It’s quite the tradition among Japanese learners to publish parts of their Anki Mining decks, so others may get inspired by them or straight up use them. This ~1000 note deck is an excerpt of my Mining deck, which was/is being created in-part from the video game Genshin Impact. This post will go into the thought process behind the deck, how it was created and has sound clips below every screenshot for reference. Of course, using someone else’s Mining deck doesn’t carry nearly the same benefit as making one yourself, so this article is mainly to just document my workflow and to provide a jumping-off point for people setting up their own. Link to the deck on Ankiweb (If AnkiWeb ends up pulling the deck due to copyright concerns, a copy is in the release section here)

All cards have in-game sound + screenshot and almost all have additionally a dictionary sound file + pitch accent.
image

Dictionary Audio
In-game Audio

Why Genshin Impact? #

A couple of things come together to make Genshin quite the enjoyable learning experience. The obvious first: Except minor side quests, all dialogs are voiced and progress sentence by sentence, click by click, as is common in JRPGs and visual novels. This gives enough time to grasp the dialog’s content. Funnily enough, in-game time does not stop during dialogs except in some quests, so sometimes multiple in-game days would pass by, as I grasped the contents of a dialog.

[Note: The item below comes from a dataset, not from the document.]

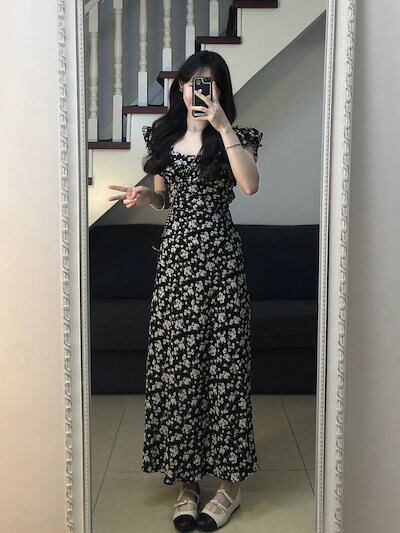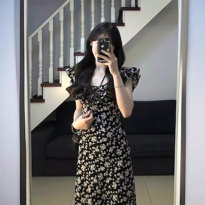 2024夏新品!!!夏 人気 韓国ファッション 花柄 ウエスト引き締め ロングワンピース ドレス フレンチ ブラック 通勤 通学

Another point is the writing style. A hotly debated topic in the player-base, is whether or not the addition of Paimon hurts the delivery of the story. The character constantly summarizes events happening and repeats commands or requests, that were given by another character just moments ago during dialog. The main criticism often brought up is that this makes the story-flow very child-like, which is a rather obvious design goal of the game - catering to a younger audience. What may be a sore in the eyes of many a player though, is a godsend in the eyes of a language learner.
Paimon often describes a situation, which was witnessed by the player mere moments ago, making the actual statement of a sentence trivial to understand.
image

Dictionary Audio
In-game Audio

And sometimes Paimon straight up becomes a dictionary herself and defines a word like a glossary text would.
image

Dictionary Audio
In-game Audio

There is a very dialog- and lore-heavy story-line in Dragonspine involving Albedo, which has some of the most information dense dialog of the game. Paimon often commented, how she completely lost the plot and didn’t understand anything. During that story line I felt as if Paimon was sympathizing with me, as I battled my way to understanding that story-line. For me, Paimon really made this game shine as a learning tool.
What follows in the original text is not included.